HUD Report Notes ‘Credit Invisibility’ Among Assisted Households
HUD and the Policy and Economic Research Council, in a new study examining reporting rent payments to credit reporting agencies, said while rent payment performance can improve both credit visibility and the fraction of tenants with credit scores above 620, it also shows that many public housing tenants continue to have subprime credit scores that can limit their housing choices and their ability to obtain insurance.
Additionally, the report said low credit scores substantially limit tenant choice on where they search for private rental housing and that tenants are motivated to improve their credit, receive financial education and take advantage of available credit counseling.
The study, Potential Impacts of Credit Reporting Public Housing Rental Payment Data, examined rental data from three Public Housing Authorities: The Housing Authority of Cook County, Ill.; the Louisville, Ky. Metro Housing Authority; and the Seattle Housing Authority. HUD and PERC examined how reporting rent payments made by thousands of HUD-assisted households to nationwide consumer reporting agencies would impact the credit ratings of these families.

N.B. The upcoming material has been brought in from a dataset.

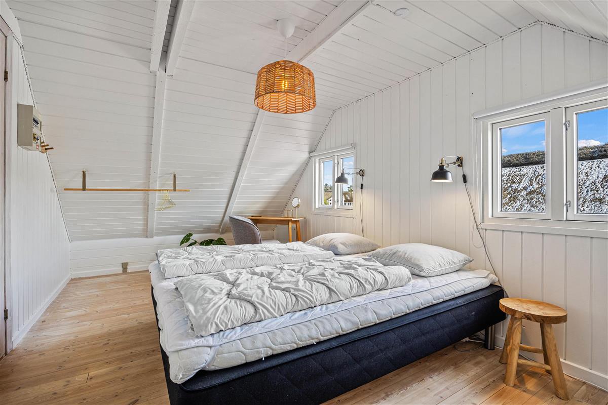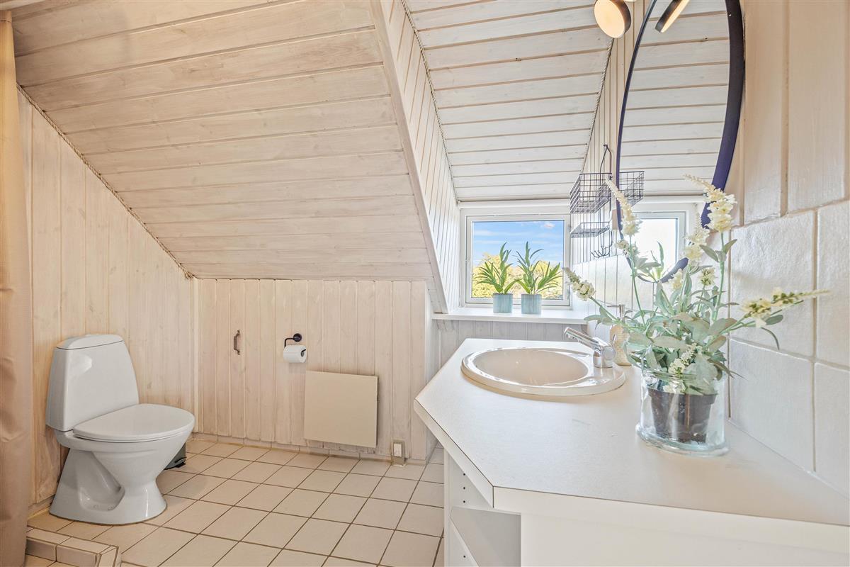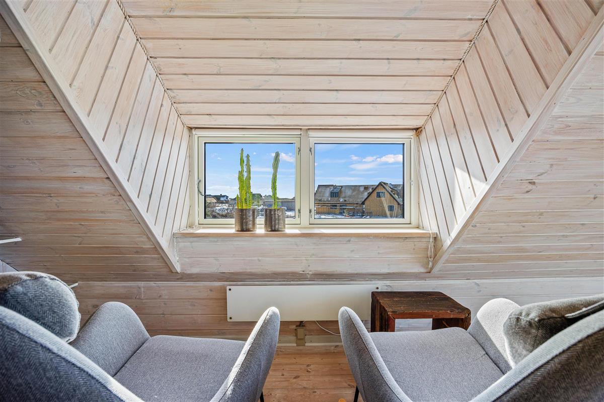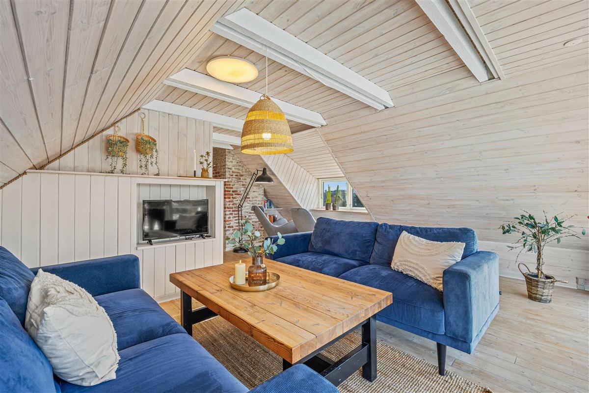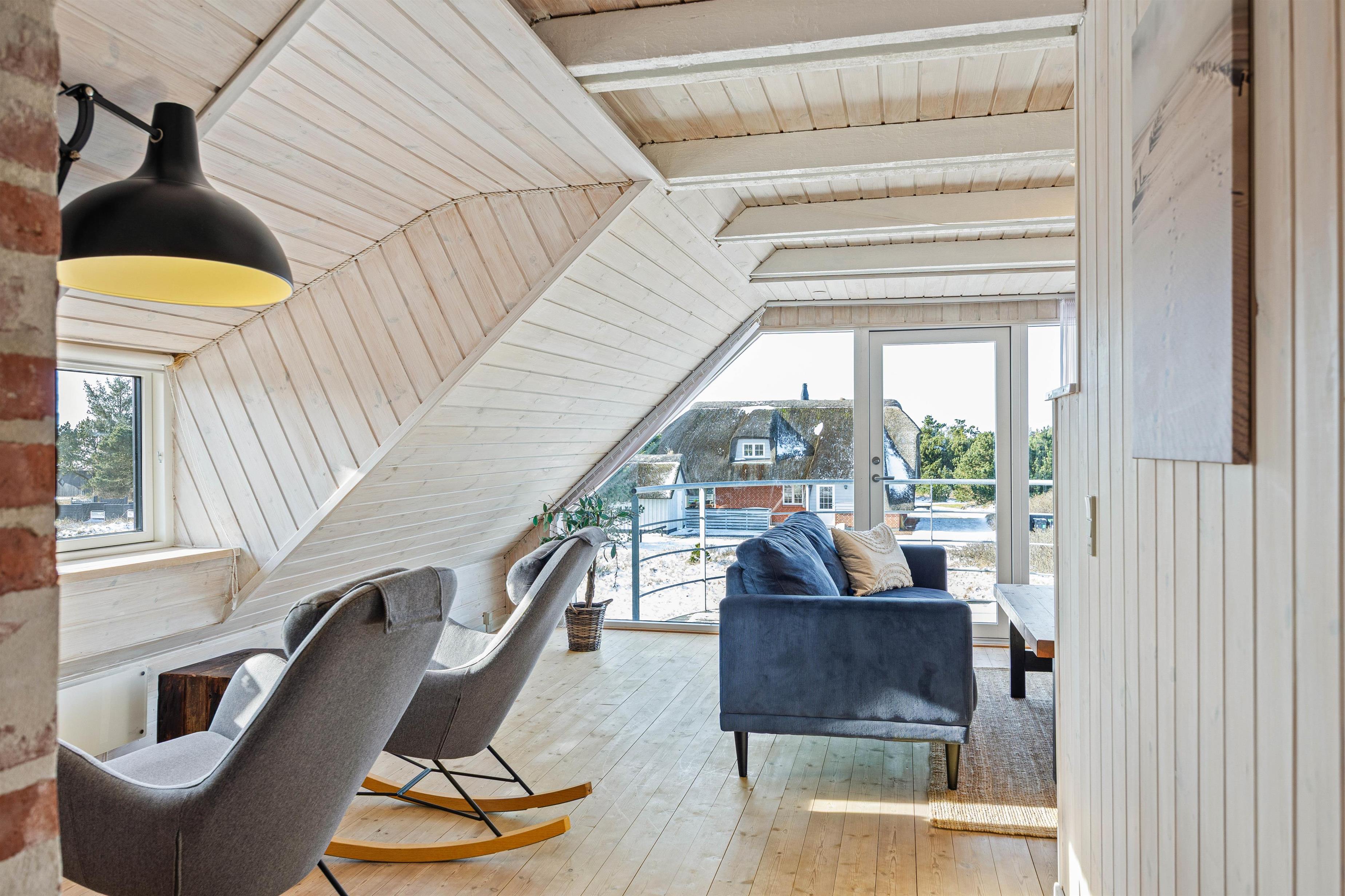 Both floors feature shower rooms, with the ground floor bathroom also including a sauna. From the ground floor living room, you have access to a large, sheltered terrace where you can enjoy sunny days. The top floor offers access to a lovely balcony with splendid views of the Blåvandshuk lighthouse.

The study also sought to determine whether reporting rent payments to consumer credit reporting companies would overcome the problem of ‘credit invisibility.’
The study noted landlords and property management groups regularly use credit checks to make determinations about renting to potential tenants and many employers incorporate credit checks in hiring decisions. A low credit score or credit invisibility can thusly limit housing choice and employment opportunity for low-income families.
“Rent is the largest monthly recurring expense that many households pay and reporting it can be a powerful way to reduce credit invisibility,” said Seth Appleton, HUD Assistant Secretary for Policy Development and Research, saying the study “will excite a new conversation about the need for focusing on improving the credit of low-income families, and how on time rent payment is an important way to show credit-worthiness.”
Report co-author and PERC President Michael Turner noted 53 million people in the U.S. have sparse or no credit history that can lead to a credit “Catch 22.”
“In order to qualify for credit, you must already have credit,” Turner said. “This study shows a path to affordable mainstream credit for many HUD-assisted tenants and renters of all types by leveraging rental payment data.”
The study analyzed credit scores (from Experian and TransUnion) of more than 9,000 HUD-assisted households using credit risk models from FICO and VantageScore. Reporting rental payment data resulted in a significant increase in the number of HUD-assisted tenants with credit scores above 620 between 54 and 65 percent. In addition, the inclusion of rental payment data nearly eliminated credit invisibility among HUD-assisted tenants. In one risk model, the rate of ‘unscoreable’ tenants fell from 49-to-seven percent; in another risk model, the share of tenants with little or no credit history fell from 11-to-zero percent.